If you're trying to automount a optical drive, you shouldn't have any optical drives listed in your /etc/fstab. You have three. That is anything but good! 

If you are using X, you should probably also be using hal/dbus. If you're using hal/dbus, having any mention of an optical drive will in /etc/fstab make said drive work less than properly. 

If that's not it, check the cabling...if that's not it, get a new drive.

Blessed be!

Pappy

----------

## bpaddock

 *pappy_mcfae wrote:*   

> If you're trying to automount a optical drive, you shouldn't have any optical drives listed in your /etc/fstab. You have three. That is anything but good! 
> 
> If you are using X, you should probably also be using hal/dbus.
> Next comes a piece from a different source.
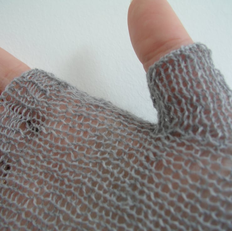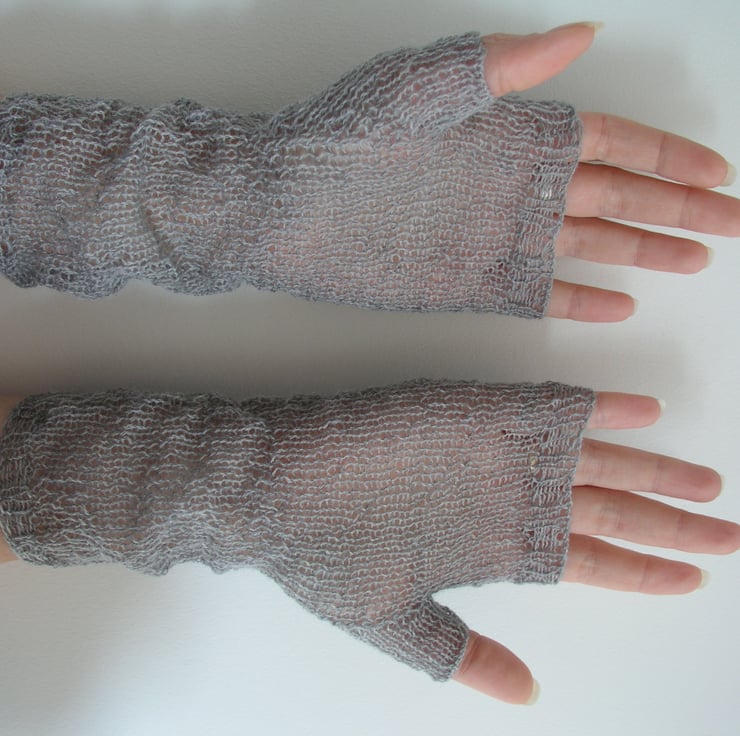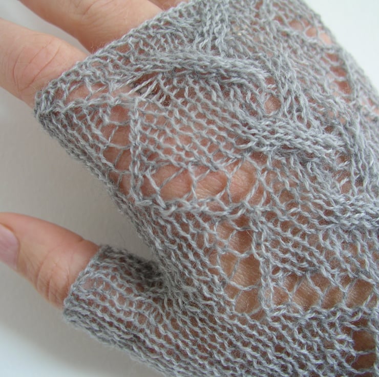 Soft delicate pair of fingerless gloves knitted in a lovely lacy pattern

If you're using hal/dbus, having any mention of an optical drive will in /etc/fstab make said drive work less than properly. 
> 
> If that's not it, check the cabling...if that's not it, get a new drive.
> ...

 

After hours of poking at things, and installing the latest gentoo kernel it is working, for both audio and data, except for one type of disk.

This disk is premastered, "The 7 Habits of Highly Effective People".  When I put it in my desktop where I have KDE, KDE automount fires up a dialog

asking if I want to play the audio tracks or look at the data.  Either works.  Looking at this disk it seems to be compressed in someway.

It also works fine in my CD player in the car.

On the problamatic laptop I can neither mount nor play this disk.  This machine runs LXDE rather than KDE.  It is running X/DBUS/HAL.

So how do I get LXDE to like this disk?

----------

## pappy_mcfae

That one I don't know. 

Blessed be!

Pappy

----------